Hypertension remains a major contributor to cardiovascular morbidity and mortality with increasing prevalence worldwide1. Despite the availability of several effective pharmacological treatment options, control of high blood pressure (BP) to target values remains challenging in many patients. Catheter-based renal denervation (RDN) is a treatment modality which targets renal sympathetic activity, a crucial component of the pathophysiology of uncontrolled hypertension2. With the publication of several recent randomised, sham-controlled trials3,4,5,6,7, the proof of principle for the blood pressure-lowering efficacy of radiofrequency and ultrasound RDN has been provided. In these studies, treatment with RDN when compared with sham was associated with larger falls in office and ambulatory BP. Hence, one may state that RDN is effective as an antihypertensive treatment - but is it also safe?

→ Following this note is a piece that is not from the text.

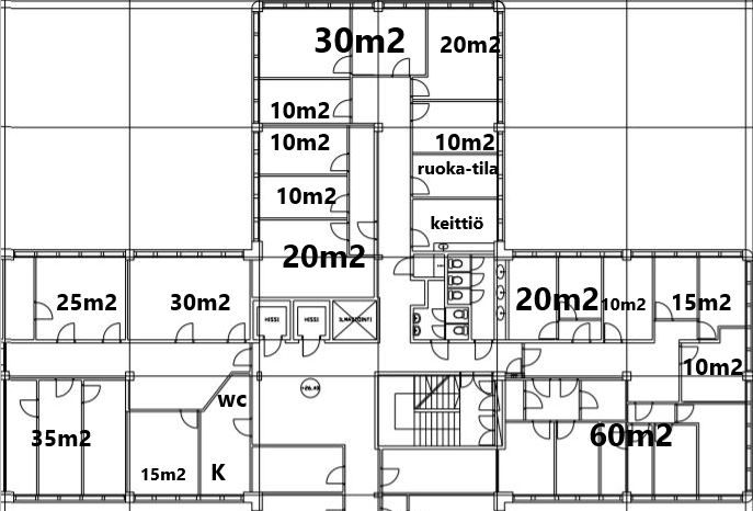 30m² 490€, 35m² 560€, 60m² 900€. Hintoihin lisätään alv 24%.

Acute or long-term injury of the treated vessel, vascular access-site and access-related complications are potential safety concerns for any device-based hypertension treatment8. In this issue of EuroIntervention, Townsend et al present a review and meta-analysis evaluating the incidence of renal artery damage after radiofrequency (RF) RDN using the Symplicity Flex™ or Spyral™ system (both Medtronic, Minneapolis, MN, USA)9.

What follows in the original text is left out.